Let $B(r)$ denotes the open ball of $\mathbb{R}^{d}$ centered at origin with radius $r>0$. Let $F:\mathbb{R}^{d} \to \mathbb{R}^{d}$ be a Lipschitz continuous function and define \begin{equation} \text{Lip}(F)=\inf\{L>0:|F(x)-F(y)| \le L|x-y|,x,y \in \mathbb{R}^{d} \}. \end{equation}

Question

Define $B^{\ast}(r)=F(B(r))$. I want to obtain an upper estimate of $\sigma(B^{\ast}(r))$, where $\sigma(B^{\ast}(r))$ is the surface area of $B^{\ast}(r)$. Strictly speaking, $\sigma(B^{\ast}(r))$ is the $d-1$ dimensional Hausdorff measure of $\partial B^{\ast}(r)$. That is, $\sigma(B^{\ast}(r))=\mathcal{H}^{d-1}(\partial B^{\ast}(r))$.

My attempt

It is known that the following inequality: \begin{equation*} \mathcal{H}^{d-1}(F(E)) \le \text{Lip}(F)^{d-1}\mathcal{H}^{d-1}(E), \end{equation*} for all $E \subset \mathbb{R}^{d}$.

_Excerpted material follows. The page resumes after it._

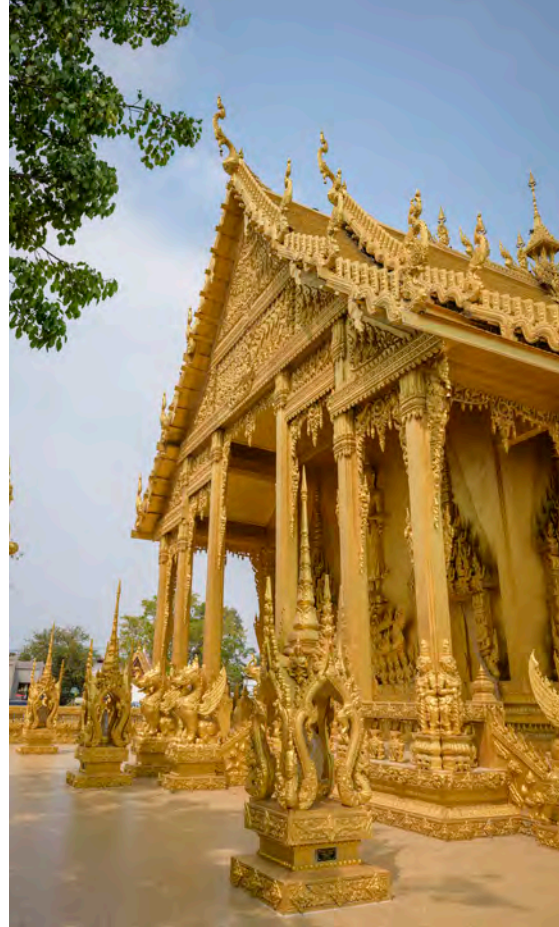
วัดปากน้ำโจ้โล้

วัดปากน้ำโจ้โล้ อยู่ในเทศบาลตำบลปากน้ำ โดดเด่นด้วยโบสถ์ทาสีทองเหลืองอร่ามทั้งหลังที่มีความงดงามทั้งภายในและภายนอก ตามประวัติความเป็นมา วัดนี้ก่อตั้งมาตั้งแต่สมัยอยุธยาตอนปลายสันนิษฐานว่าบริเวณปากน้ำโจ้โล้เป็นที่ตั้งของกองทัพพม่าที่มีการต่อสู้และพ่ายแพ้ให้กับกองทัพของสมเด็จพระเจ้าตากสินมหาราช ภายในวัดมีโบราณวัตถุที่น่าสนใจ อย่างเช่นเรือเกาอายุร้อยกว่าปีที่จัดแสดงไว้บริเวณศาลาการเปรียญ ส่วนบริเวณด้านหลังวัดเป็น

But can we show $\partial B^{\ast}(r) \subset F \bigl( \partial B(r) \bigr)$ (if necessary, we may assume $F$ is smooth)? If this is true, we have \begin{align*} \sigma(B^{\ast}(r))&=\mathcal{H}^{d-1}(\partial B^{\ast}(r)) \\ & \le \text{Lip}(F)^{d-1}\mathcal{H}^{d-1}(\partial B(r))\\ &= \text{Lip}(F)^{d-1}\sigma( B(r)). \end{align*}

Can we have an upper estimate like as $ \sigma(B^{\ast}(r)) \le Cr^{d-1} ? $

Thank you in advance.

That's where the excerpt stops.